A recent State of Wisconsin Tax Appeals Commission (the "Appeals Commission") decision has important implications for companies with manufacturing property located outside of Wisconsin. The Appeals Commission held that Modine Manufacturing Company's ("Modine") real property in Racine is manufacturing property under Wis. Stat. § 70.995 even though the property serves primarily as a global headquarters.

Wisconsin Statutes Section 70.995

Property tax assessments in Wisconsin are generally conducted by municipal assessors. However, under Wis. Stat. § 70.995, Wisconsin's Department of Revenue (the "Department") is responsible for assessing manufacturing property.1 The statute's definition of "manufacturing property" contains two categories of property relevant to this article.2 The first category ("Category One") encompasses property that is directly involved in manufacturing. Category One manufacturing property includes "all lands, buildings, structures and other real property used in manufacturing, assembling, processing, fabricating, making or milling" products.3

The second category ("Category Two") includes "warehouses, storage facilities and office structures when the predominant use of the warehouses, storage facilities or offices is in support of the manufacturing property."4 Property is considered to be Category Two manufacturing property if its primary function is supporting other manufacturing property through activities such as administration, management, accounting, advertising, research and development, and maintenance/repair of equipment.5

Modine Manufacturing Company v. Wisconsin Department of Revenue

In 2014, Modine filed a request with the Department to have its global headquarters and manufacturing facility in Racine ("Racine Property") classified as manufacturing property for tax purposes. The Department denied Modine's classification request and subsequently denied Modine's petition for redetermination. Modine challenged the Department's denials before the Appeals Commission.6

The dispute before the Appeals Commission centered on the § 70.995 definition of manufacturing property. Modine contended that its Racine Property should be categorized as manufacturing property because it consists entirely of Category One and Category Two manufacturing property. The Department argued that the Racine Property is not manufacturing property because, as a global headquarters, the Racine Property primarily supports Modine's manufacturing activities at locations outside of Wisconsin. From the Department's view, support property should not fit within Category Two if it supports manufacturing property outside Wisconsin.
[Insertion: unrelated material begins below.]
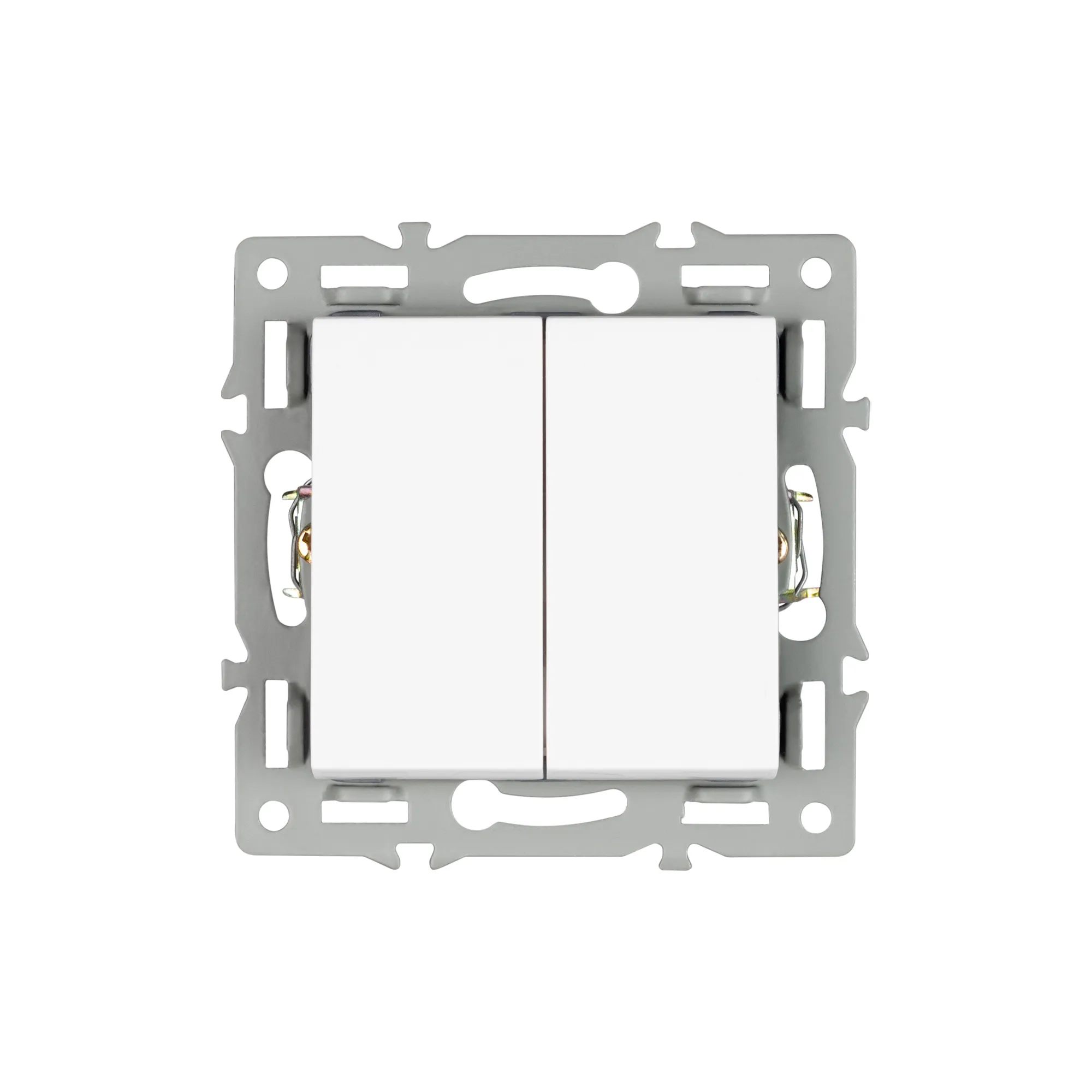 Механизм выключателя света двухклавишный на 1 пост, совместим с рамками серий VERSA/GLARE/PRESTO. Скрытый тип монтажа позволяет гармонично встроить в интерьер любого современного дизайн-проекта. Видимая часть механизма выполнена из высококачественного тугоплавкого пластика белого цвета. Контактная часть присоединяется при помощи винтовых зажимов, а усиленные монтажные лапки надежно фиксируют механизм в установочном подрозетнике. Проходная система подключения, позволяет управлять системой освещения из двух разных точек.

The Appeals Commission concluded that Modine's Racine Property is properly considered manufacturing property despite the fact that the Racine Property primarily supports manufacturing property outside the state. The Appeals Commission rejected the Department's view because the statute does not say that Category Two manufacturing property must support other manufacturing property within Wisconsin. The statute only defines the type of property that Category Two manufacturing property must support, and it does not speak to where the supported property must be located.


Modine's victory is beneficial for manufacturing companies headquartered in Wisconsin and other companies with real property in Wisconsin used to support manufacturing properties elsewhere. This decision means that real property in Wisconsin—that is primarily used to support manufacturing property—is properly classified as manufacturing property under § 70.995, and it does not matter if the supported property is not in Wisconsin. Accordingly, more companies will be able to benefit from property assessments conducted by the Department.

1 Wis. Stat. § 70.995(5).
2 § 70.995(1)(a).
3 Id.
4 Id.
5 This is not an exhaustive list of activities that are considered support functions.
6 See Modine Mfg. Co. v. Wis. Dep't of Revenue, Docket No. 14-M-248 (Jan. 3, 2018).

©2021 von Briesen & Roper, s.cNational Law Review, Volume VIII, Number 54

About this Author

Robert A. Mathers, Von Briesen Law Firm, Oshkosh and Madison, Corporate and Tax Law Attorney

Bob Mathers is a Shareholder and Chair of the Tax Section at von Briesen. He provides legal and business advisory services to Midwest businesses and their owners with a focus on closely-held businesses, estate planning and private wealth services. He is a Certified Public Accountant and is AICPA Accredited in Business Valuation (ABV) and is an AICPA Personal Financial Specialist (PFS). He leverages his prior experience as one of the country’s largest CPA firm’s National Tax Director, and CEO of its Wealth Management subsidiary, to provide tax and transactional guidance to businesses and...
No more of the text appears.